### Problem statement
In the entries below, begin at the line that has "TE 产品编号680588-3 HDM 9HBAPR140S140OG" and stop after the line that has "El mismo gesto"; output those lines exactly, leaving out pictures.

[[ The data open ]]

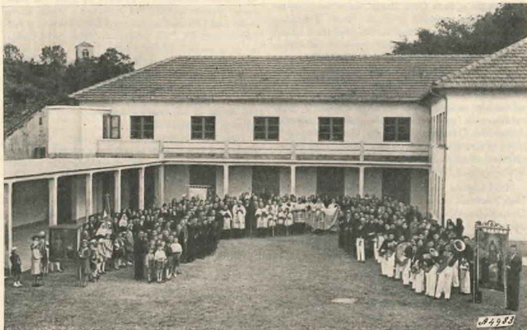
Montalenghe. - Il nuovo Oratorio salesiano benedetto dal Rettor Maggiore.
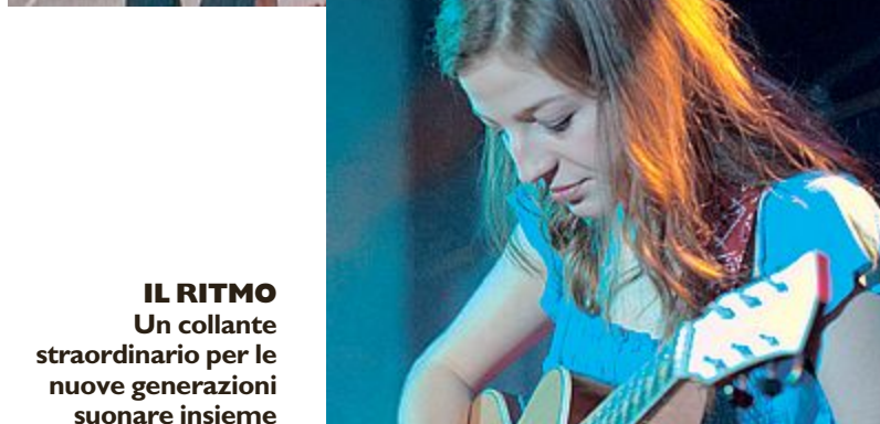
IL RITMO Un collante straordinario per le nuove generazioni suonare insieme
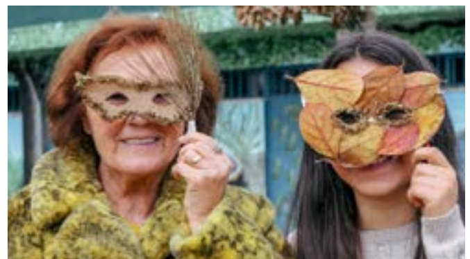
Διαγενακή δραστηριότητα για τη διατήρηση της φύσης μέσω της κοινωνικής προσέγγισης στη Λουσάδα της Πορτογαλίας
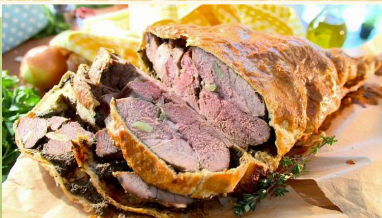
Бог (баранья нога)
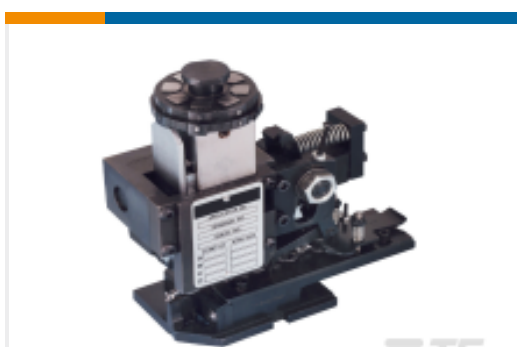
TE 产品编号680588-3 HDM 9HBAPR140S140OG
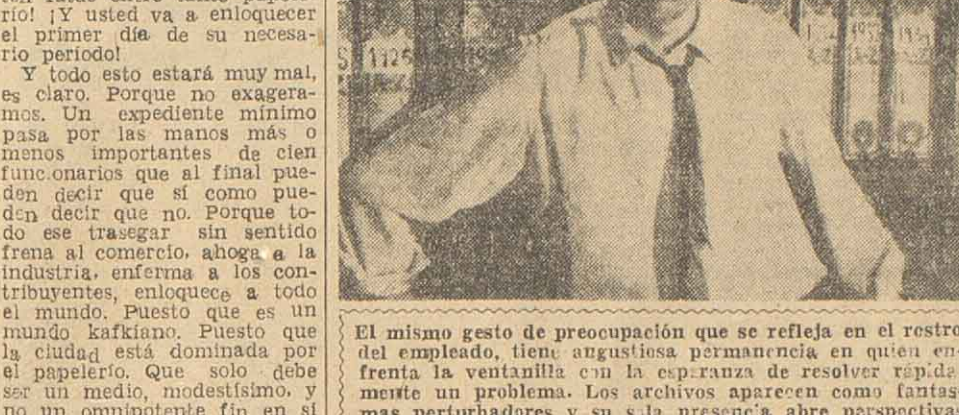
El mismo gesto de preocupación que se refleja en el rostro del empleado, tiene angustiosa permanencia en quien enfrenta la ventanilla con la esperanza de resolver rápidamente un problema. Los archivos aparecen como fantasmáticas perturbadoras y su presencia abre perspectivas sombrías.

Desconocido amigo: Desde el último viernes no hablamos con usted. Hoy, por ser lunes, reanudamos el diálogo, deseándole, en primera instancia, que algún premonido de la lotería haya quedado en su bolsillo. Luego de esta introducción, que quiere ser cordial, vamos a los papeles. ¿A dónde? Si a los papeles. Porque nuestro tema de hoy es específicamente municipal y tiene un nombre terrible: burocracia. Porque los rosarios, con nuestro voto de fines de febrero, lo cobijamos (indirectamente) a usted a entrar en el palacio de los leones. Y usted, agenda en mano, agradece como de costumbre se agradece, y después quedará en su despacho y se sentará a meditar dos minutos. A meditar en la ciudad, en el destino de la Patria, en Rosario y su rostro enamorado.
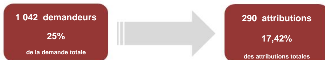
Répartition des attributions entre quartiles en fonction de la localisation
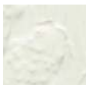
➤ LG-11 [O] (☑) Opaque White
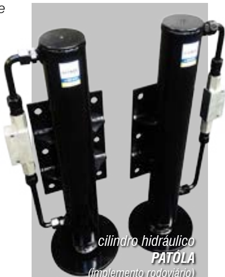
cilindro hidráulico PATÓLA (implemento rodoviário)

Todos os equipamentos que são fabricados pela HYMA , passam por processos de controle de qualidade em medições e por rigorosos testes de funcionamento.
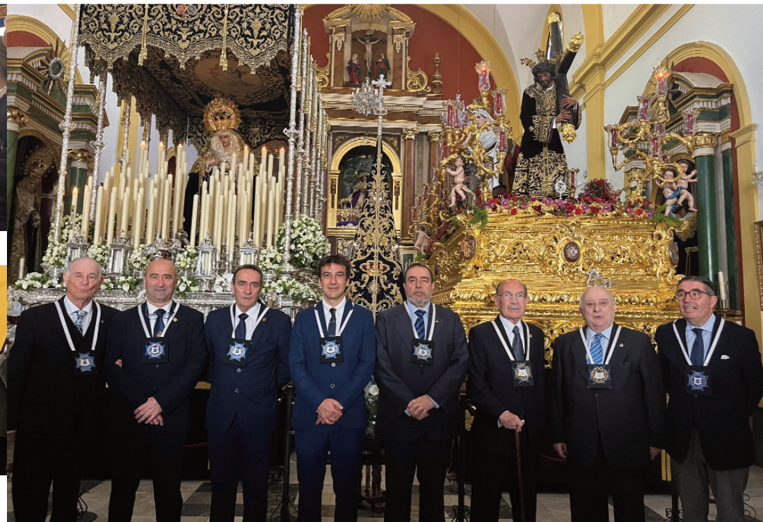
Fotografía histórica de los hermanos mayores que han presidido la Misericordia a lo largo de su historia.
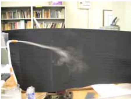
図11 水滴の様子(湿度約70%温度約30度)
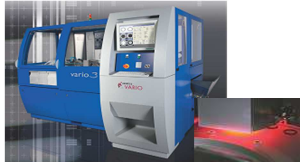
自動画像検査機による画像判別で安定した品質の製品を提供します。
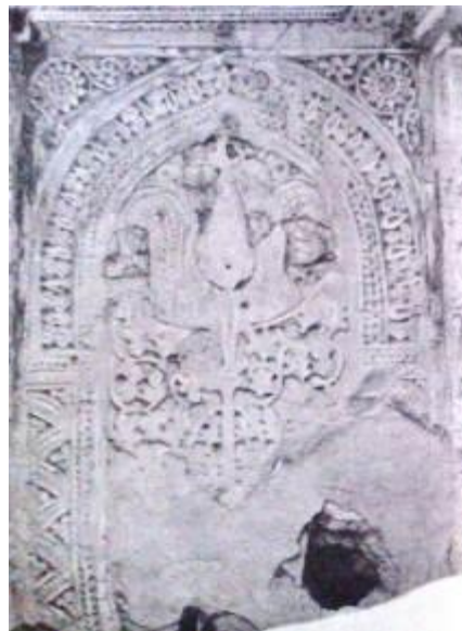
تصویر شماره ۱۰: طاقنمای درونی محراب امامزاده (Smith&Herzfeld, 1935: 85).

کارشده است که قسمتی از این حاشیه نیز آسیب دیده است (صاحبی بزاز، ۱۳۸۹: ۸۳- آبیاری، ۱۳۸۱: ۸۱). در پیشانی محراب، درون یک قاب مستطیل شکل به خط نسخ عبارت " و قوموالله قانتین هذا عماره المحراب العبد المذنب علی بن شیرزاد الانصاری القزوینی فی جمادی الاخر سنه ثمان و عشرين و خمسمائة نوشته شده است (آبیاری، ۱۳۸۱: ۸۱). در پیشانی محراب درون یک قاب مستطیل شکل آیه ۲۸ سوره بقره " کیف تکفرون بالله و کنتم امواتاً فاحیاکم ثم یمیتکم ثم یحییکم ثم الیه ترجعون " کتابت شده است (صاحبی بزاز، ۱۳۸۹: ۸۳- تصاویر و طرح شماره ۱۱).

[[ The data closed ]]

### Result of the exercise
TE 产品编号680588-3 HDM 9HBAPR140S140OG
El mismo gesto de preocupación que se refleja en el rostro del empleado, tiene angustiosa permanencia en quien enfrenta la ventanilla con la esperanza de resolver rápidamente un problema. Los archivos aparecen como fantasmáticas perturbadoras y su presencia abre perspectivas sombrías.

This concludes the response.